At one point, Seewald suggests that the evident episcopal mishandling of abuse cases represents a complete “failure” for the church. By way of response, Pope Benedict says: “The Archbishop of Dublin told me something very interesting about that. He said that ecclesiastical penal law functioned until the late 1950s; admittedly, it was not perfect – there is much to criticise about it – but nevertheless it was applied. After the mid-sixties, however, it was simply not applied any more.

“The prevailing mentality was that the Church must not be a Church of laws but, rather a Church of love: she must not punish . . . This led to an odd darkening of the mind, even in very good people.”

Asked by Seewald about the overall impact of the Irish sex abuse crisis, Pope Benedict says: “In Ireland the problem is altogether specific – there is a self-enclosed Catholic society, so to speak, which remained true to its faith despite centuries of oppression, but in which, then, evidently certain attitudes were also able to develop. I cannot analyze that in detail now.

“To see a country that gave the world so many missionaries, so many saints, which in the history of the missions also stands at the origin of our faith in Germany, now in a situation like this is tremendously upsetting and depressing. Above all, of course, for the Catholics in Ireland itself, where now as always there are many good priests.”

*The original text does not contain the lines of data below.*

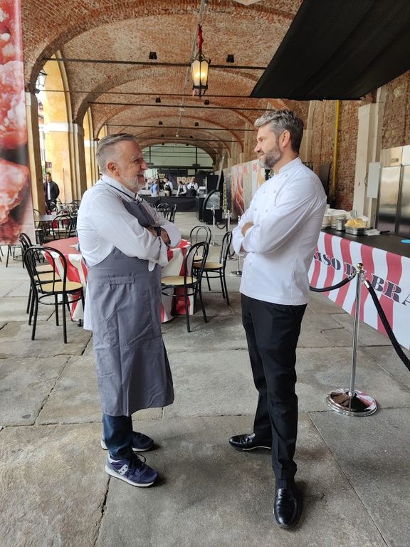 La breve cerimonia di stamane, sabato 21 settembre, sotto l’Ala Stellata nei portici storici di Corso Garibaldi lo ha visto protagonista di un breve incontro con il numeroso pubblico che affolla da ieri le vie dalla città: il cuoco toscano ha raccontato i suoi inizi, le sue “regole” in cucina, il suo stile e la sua avventura nel mondo dell’alta ristorazione. Ha elogiato Davide Boglioli, il giovane chef braidese diventato suo collaboratore e alla domanda “Aprirà prossimamente un locale nel nostro territorio?” ha risposto con un sorriso: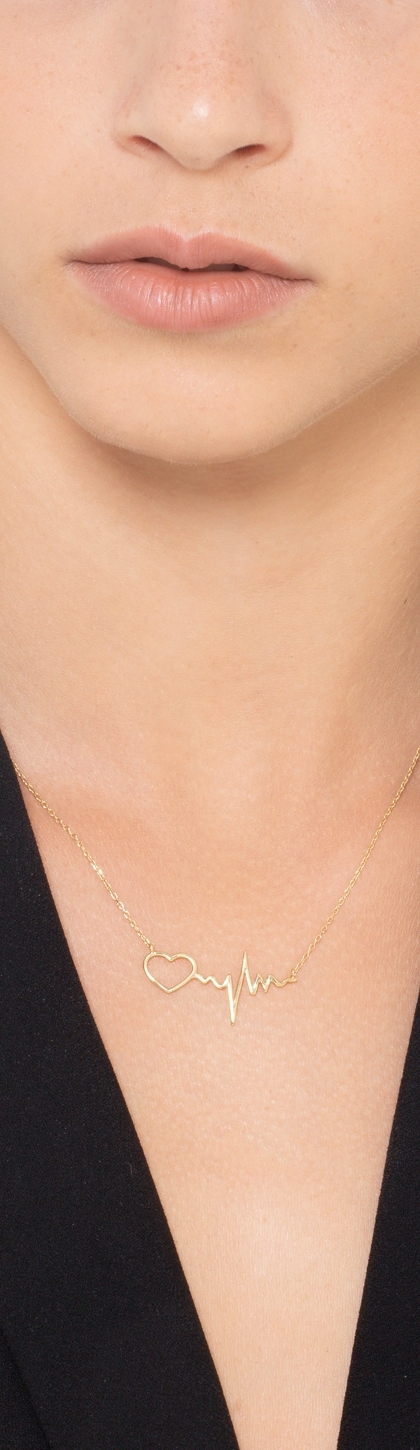 Collar en oro amarillo 18k con corazón y frecuencia cardíaca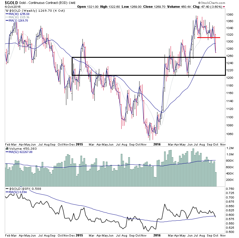 (2016-10-05, 02:55 PM)Smellypunks Wrote: Are gold stocks in a stage 3? It seems that 30w ave is flattening and maybe a neckline forming... If I am right I would expect a bounce off the neckline and then finally a breakdown.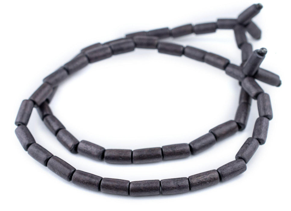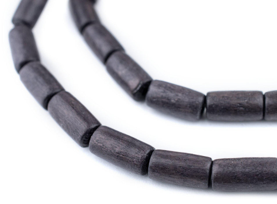 Dark Grey Tube Natural Wood Beads (15x8mm)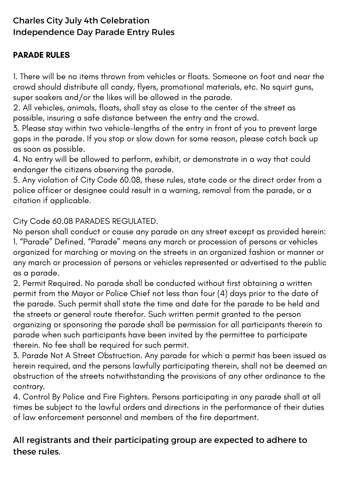 This year's Independence Day Parade in Charles City will feature a new start time (11 a.m.) and slightly different route due to street construction work on North Main Street. Staging will take place on Ferguson Street and the Community Center parking lot.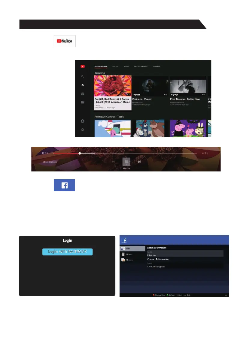 Œ Use arrow key to select facebook icon, then press “ENTER” key to enter Facebook.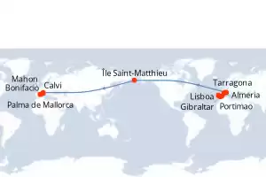 Itinerario : Lisboa, Portimao, Gibraltar, Almeria, Tarragona, Sete, Sanary-sur-mer, Île Saint-Matthieu, Calvi, Bonifacio, Mahon, Palma de Mallorca

Asked by Seewald why the sex abuse scandals in the USA and Ireland had not prompted rigorous preventive investigations in other countries, Pope Benedict replies: “We responded to the matter in America immediately with revised, stricter norms.

“In addition, collaboration between the secular and ecclesiastical authorities was improved. Would it have been Rome’s duty, then, to say to all the countries expressly: Find out whether you are in the same situation? Maybe, we should have done that. For me, in any case, it was a surprise that abuse also existed on that scale in Germany.”

Referring to his pastoral letter to the Irish of last March, the pope says that “what was true for Ireland was not said just to Ireland”.

Thus far, the pope’s book has prompted most controversy because of his remarks about the circumstances in which the use of condoms is acceptable.

In the English translation, the pope says: “There may be a basis in the case of some individuals, as perhaps when a male prostitute uses a condom, where this can be a first step in the direction of a moralization . . .”

Father Lombardi Tuesday explained that the term “male prostitute” was simply the fruit of a poor translation from the original German: in fact the pope’s reference was to prostitutes, male or female.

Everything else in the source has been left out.